## WORK ITEM:
Search the material for lines containing the word "ginseng", and copy each one.

## EXERCISE INPUT:
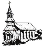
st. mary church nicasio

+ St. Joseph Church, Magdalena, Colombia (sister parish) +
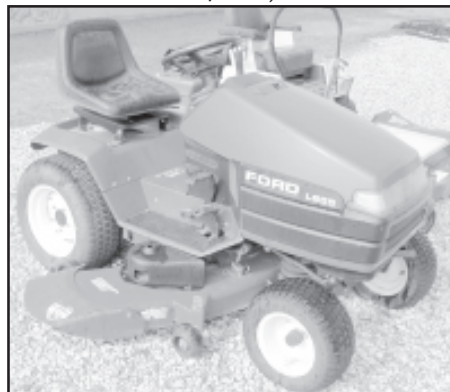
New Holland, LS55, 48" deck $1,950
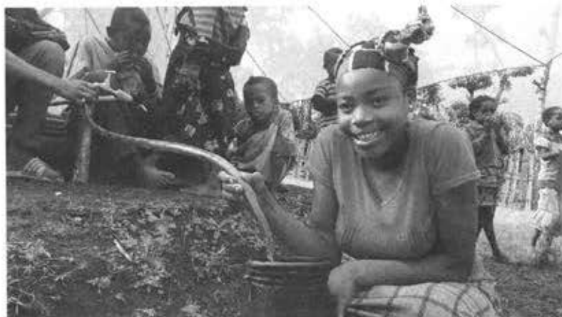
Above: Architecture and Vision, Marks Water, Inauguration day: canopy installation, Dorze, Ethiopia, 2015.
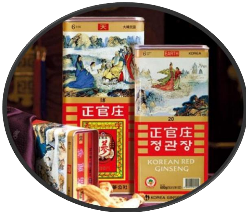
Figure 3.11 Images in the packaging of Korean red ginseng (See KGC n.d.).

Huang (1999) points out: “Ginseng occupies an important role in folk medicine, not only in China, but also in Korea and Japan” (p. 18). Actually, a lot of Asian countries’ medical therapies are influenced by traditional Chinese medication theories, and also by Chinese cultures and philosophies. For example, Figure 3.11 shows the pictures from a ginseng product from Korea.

## SOLVED EXERCISE:
Figure 3.11 Images in the packaging of Korean red ginseng (See KGC n.d.).
Huang (1999) points out: “Ginseng occupies an important role in folk medicine, not only in China, but also in Korea and Japan” (p. 18). Actually, a lot of Asian countries’ medical therapies are influenced by traditional Chinese medication theories, and also by Chinese cultures and philosophies. For example, Figure 3.11 shows the pictures from a ginseng product from Korea.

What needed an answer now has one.